A competitive advantage
NHS dentistry is facing its biggest shake up in 50 years. Under increasing pressure to improve both productivity and raise the level of patient care, practice managers are charged with identifying new ways to gain a competitive advantage over rival practices. Customer satisfaction and practice profitability are undoubtedly linked closely to product and practice quality.
In 1980 Michael E Porter, a professor of business administration at Harvard Business School and a renowned leader in management thinking, introduced a model of sustainable competitive advantage. The Porter model suggests that the state of competition in an industry depends on five basic forces and that the strongest force determines the profitability of an industry.
By analysing these forces and predicting their interaction in the future, Porter argued that managers can position a business to capitalise on the opportunities and mitigate risk. Under pressure to devise new business strategies, dental practice managers would be well advised to consider established business strategies like Porter’s Five Forces model.
The five forces that Porter suggests drive competition are:
• Threat of new market entrants
• Threat of substitute products
• Bargaining power of buyers
• Power of suppliers
• Positioning of the current competition.
The five forces model should be used as a tool by practices to assess the value of dentistry as an industry and the competitiveness of a practice within dentistry.
How easy or difficult is it for new practices to enter the dental industry? The financial cost and experience needed to establish a successful practice is a highly-restrictive barrier to entering the industry. The biggest threat to existing practices comes in the form of practice associates who, disillusioned with their own career and with the necessary resources at hand, attempt to establish their own practice. And in light of recent reports indicating that the industry could soon be 5,000 short of NHS dentists, securing patients would not be a restraining factor.
How easy could dentistry be substituted? The threat of substitution to dentistry at macro level is negligible, but the situation at practice level is clearly different. Clinicians offer a range of options for each
treatment that are artificially constrained by government regulation.
From April 1 the restrictive fee-per-item structure ends and the opportunity to substitute materials and procedures will begin. Dentists will be free to utilise techniques that they feel offer clinical benefits to clients and deliver higher profits to the business.
How strong is the position of the customer? The most powerful of Porter’s five forces is undoubtedly the power of the customer. The current fee-per-item structure controls the price of dentistry in the UK. Instead of over 400 prices for different items of treatment, from April 1 a simple system of three bands will be introduced.
Primary care trusts will be empowered with local control of resources of dentistry. Patients will be in a far stronger position to influence competition within dentistry. Patients also tend to be price sensitive when purchasing products that are undifferentiated, expensive relative to their income and when quality is not important.
How strong is the position of suppliers to the dental industry? Susceptible to the fortunes of the industry, the relatively few suppliers that do exist protect both the industry and patient’s interests via reasonable pricing and ploughing resources into research and development and lobbying.
Does strong competition between existing practices exist? Rivalry within dentistry is intense due to the fragmented nature of the industry. Differentiation exists in the form of NHS and private practice. Private patients shop for alternative treatments and are receptive to different levels of customer service. If a practice focuses resources on negotiating with a PCT to provide income it should adopt a different approach to one focusing on its customers for income.
The wise business strategist will analyse the current macro and micro environment and predict future industry circumstances. The April 1 changes will open the door for dentistry as an industry to increase profitability.
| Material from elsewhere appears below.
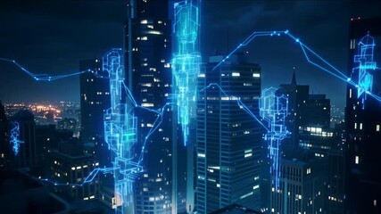 Cityscape With Data Overlay And Digital Network Concept Videos
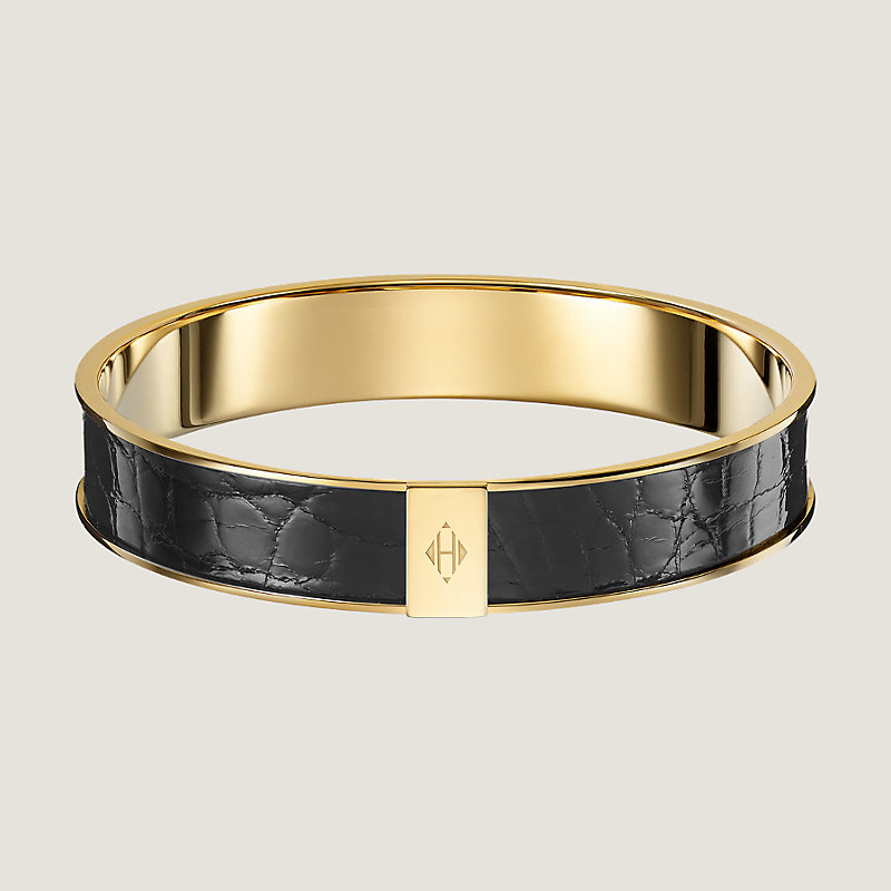 Hermes leather bracelet in smooth Mississippiensis alligator and gold plated metal

Individual practices are challenged with developing strategies that will enhance their competitiveness. Analysis of models on sustainable competitive advantage, including Porter’s Five Forces model, are recommended. Practices that fail to adopt new and tailor-made strategies and simply accept a PCT contract cannot and should not expect to benefit from the new opportunity.
My advice to practice managers is be clear who your customer is – the PCT or the patient. Product differentiation is the key here. In the case of PCT’s, managers must establish and deliver exactly what the individual trust wants and tailor your product accordingly. And with over 720 varied PCTs in the country, you cannot assume that you know the answers without asking the questions.
Alternatively, if your customer is the patient, can you explain why they should use your practice as opposed to a competitor? A practice must invest in new products and enhanced services which delight the customer. Comfortable offices, modern equipment and customer-focused staff add no direct clinical benefits, but are vitally important to the customer and fundamental prerequisites to a successful practice.
Only when a manager views its practice as a business and understands its patients as customers can a strategy of sustainable competitive advantage be implemented. Delivering customer value and satisfaction is the only route to success. Rudimentary analysis of the individual patients’ needs, wants and ability to pay will highlight an enormous amount of latent opportunity. The job of the business sales team is to satisfy this opportunity profitability.